As they bulldozed their way through Syria and northern Iraq, filling the power vacuum left by the fall of secular regimes, ISIS fundamentalists staked a claim on the scarred earth by destroying the archaeological riches of the region. They burnt art as freely as they did oil wells, sometimes electing to sell the remaining pieces to fund further geographic expansions. The Byzantine mosaics, the Greek and Roman sculptures, the newly profane Islamic art of many generations prior. It echoed the actions of the Taliban more than a decade earlier, who found the fabled Buddhist statues of Bamiyan and left only craters.

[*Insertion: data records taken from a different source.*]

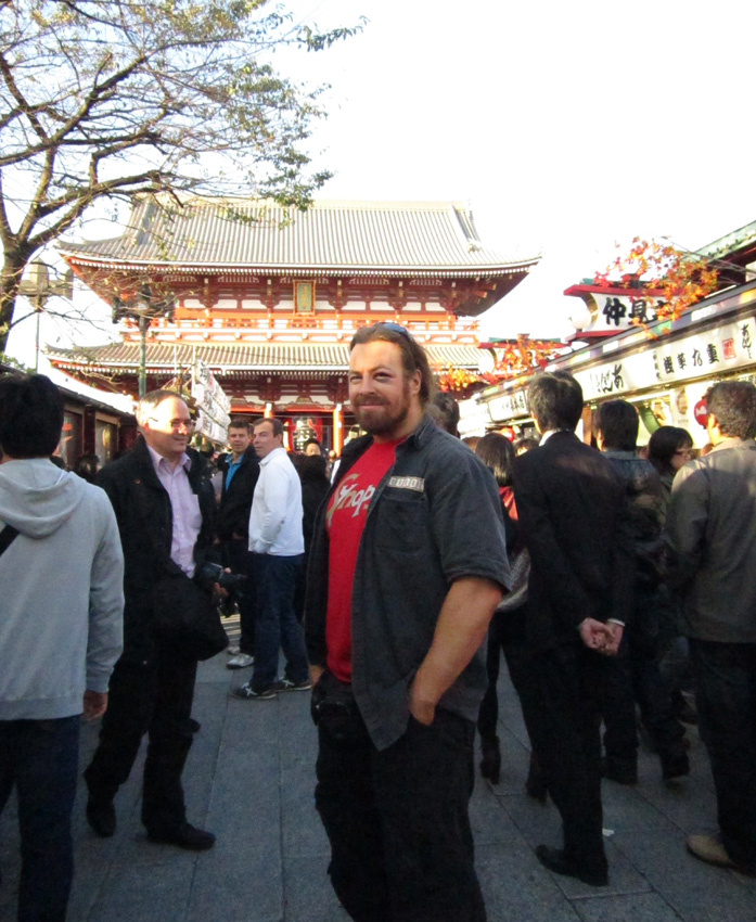 My special fan Mayumi also took me to see the world-famous Senso-Ji Asakusa temple in Tokyo. The place is a major tourist attraction, and I also found a very cool shop next to the temple called Caricature Japan, where artist Itsumi Nakabachi drew up a cartoon portrait of Yours Truly as a special memoir.
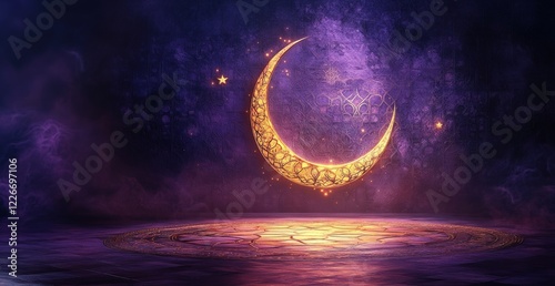 Fototapeta premium Enchanted crescent moon glowing in a mystical landscape with swirling purple mist and stars
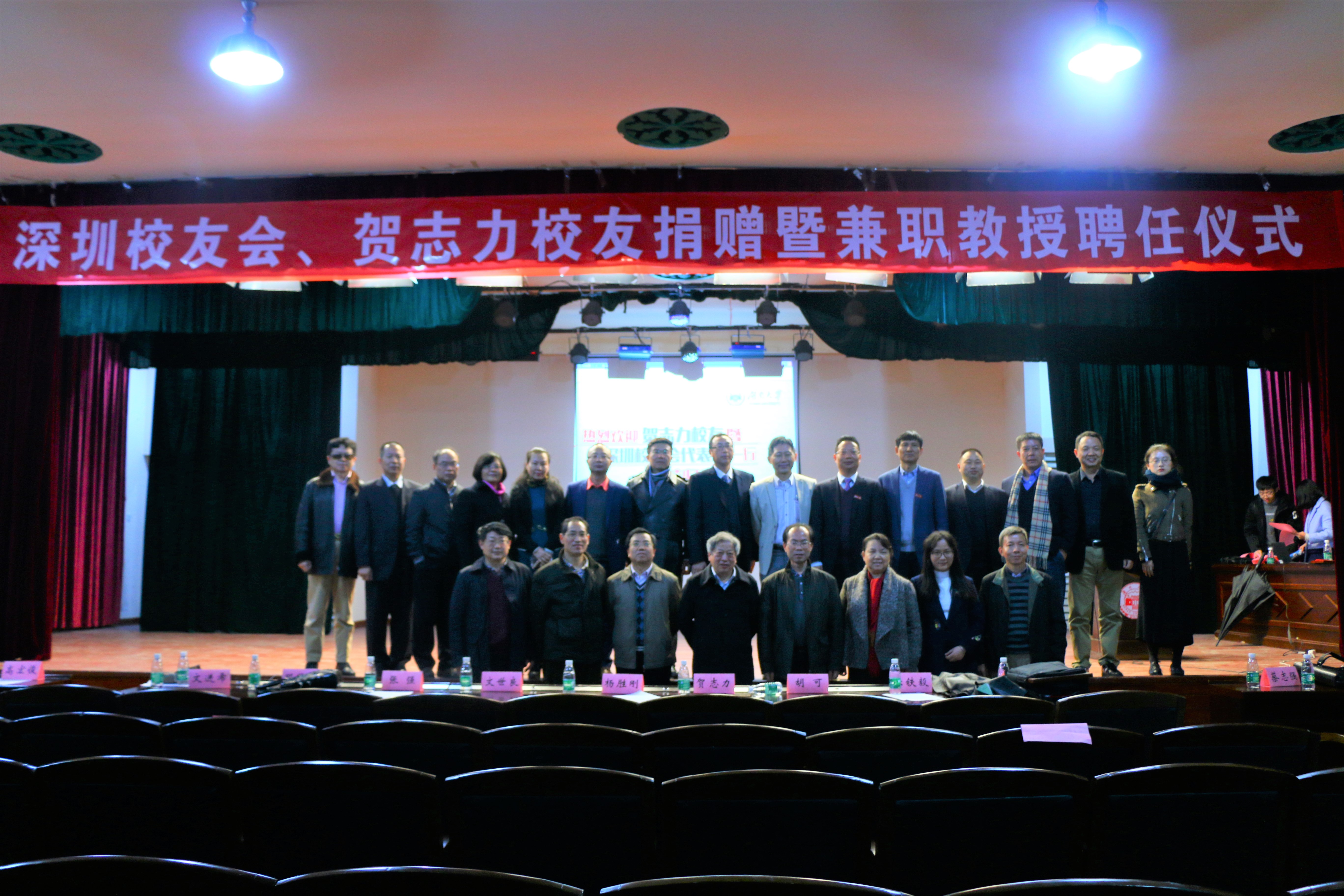 下午15点,深圳校友会、贺志力校友捐赠暨兼职教授聘任仪式在kaiyun云开登录入口财院校区礼堂隆重举行。仪式由金统院党委书记晏艳阳教授主持,深圳校友会代表团、杨胜刚副校长、张强理事长、教务处、校友办、基金会、金统学院、经贸学院、工管学院等单位负责人和金统学院、经贸学院、工管学院等各学院学生代表,共360人列席,共同见证了捐赠仪式的成功举行。本次活动由kaiyun云开登录入口主办,院校友服务中心负责具体事务和会务工作。
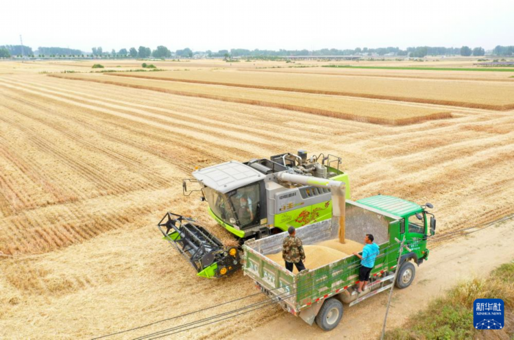 5月29日,在河南省平顶山市鲁山县马楼乡关庙杜村,杜梦园将收获的小麦装车(无人机照片)。
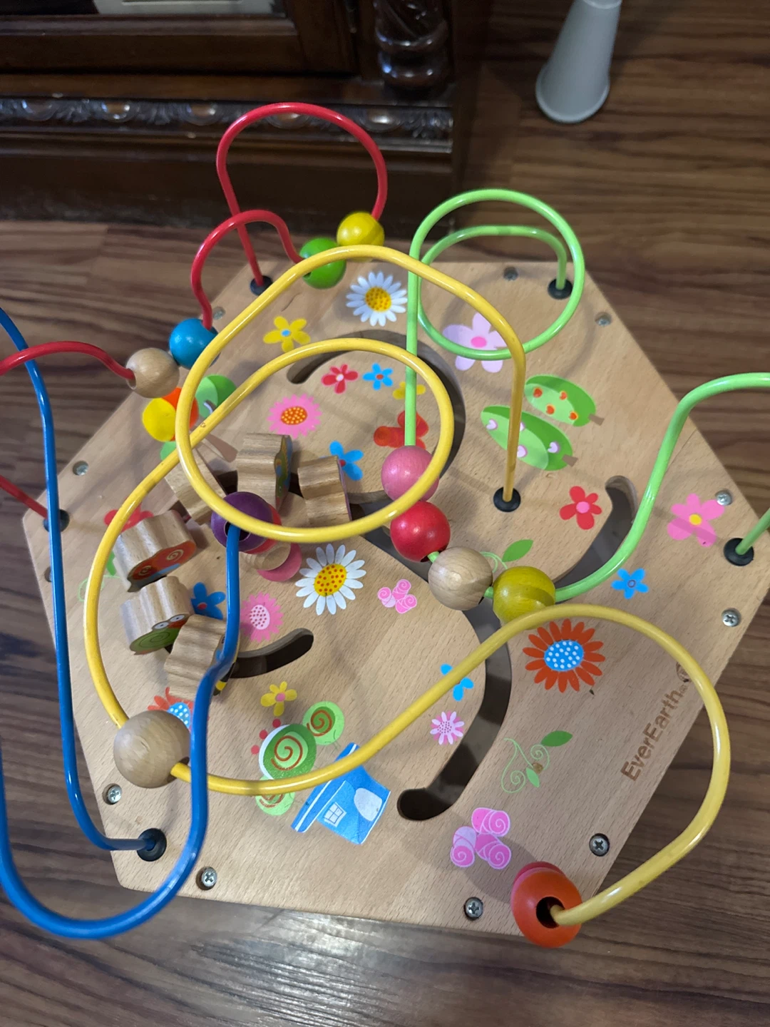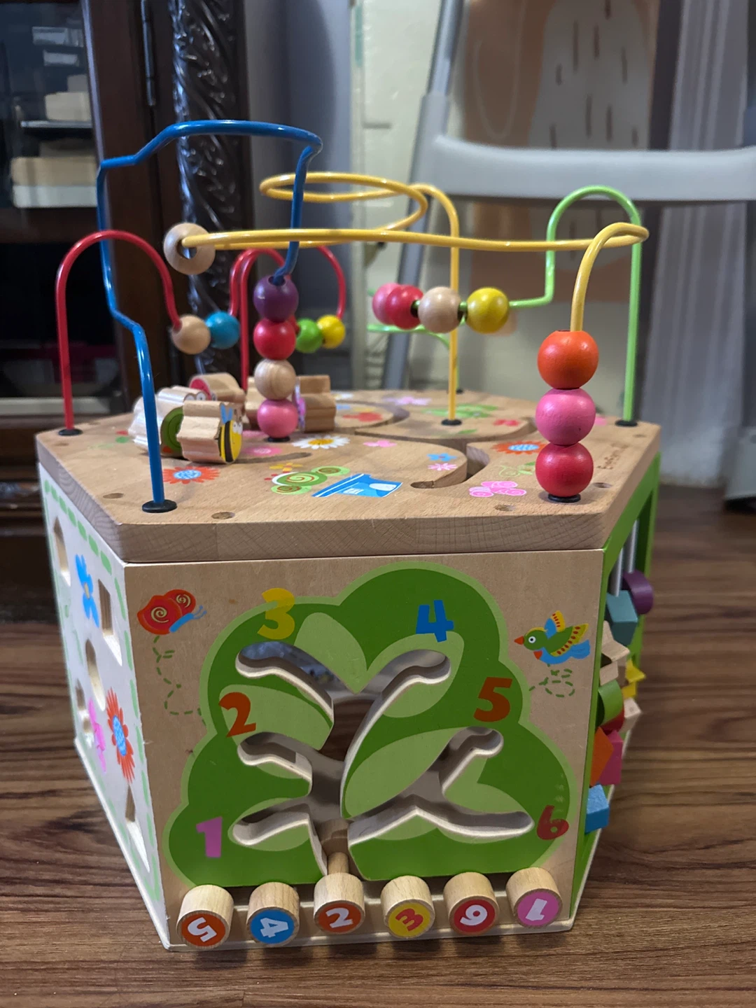 This wooden activity cube offers multiple play panels for little ones. It features bead mazes, gears, and an abacus with numbers. It's a great way to develop fine motor skills and early learning concepts.
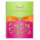 This customisable hot pink, orange, and lime green floral wedding planner notebook has a PRINTED ON orange ribbon with a PRINTED ON gemstone and diamonds jewel brooch on it that matches the wedding invitation shown below. It has template boxes to add your own text. If you need help customising this item, please email niteowlstudio@gmail.com for assistance.

The clichéd notion of the Levant as the mythic cradle of civilisation contains more than a grain of truth—many areas now occupied by the rigid theocracy of the Islamic State have been continuously settled for the better part of 6,000 years. Embedded in the artefacts of Iraq and Syria is a journal of world culture in its becoming.
In September, Islamic State mujahideen—a collective term for those engaged in jihad—detonated a series of bombs around the 1300-year-old Assyrian Green Church in Tikrit, levelling the building. The church, one of the oldest in Iraq and often considered the most ornate, had been restored under Saddam Hussein two decades earlier. Hussein, who once encouraged art and sculpture as central to a vibrant and patriotic Iraqi culture, had been overruled.
There is the obvious outrage: how could someone spoil the tangible histories of the world so unflinchingly? Indeed, it’s the blasé attitude toward total cultural excision that infuriates us more than the destruction itself. When we decimated a truck carrying Gustave Courbet’s celebrated social realist painting The Stone Breakers with a stray bomb during the raids on Dresden, we did it with a heavy heart (of course).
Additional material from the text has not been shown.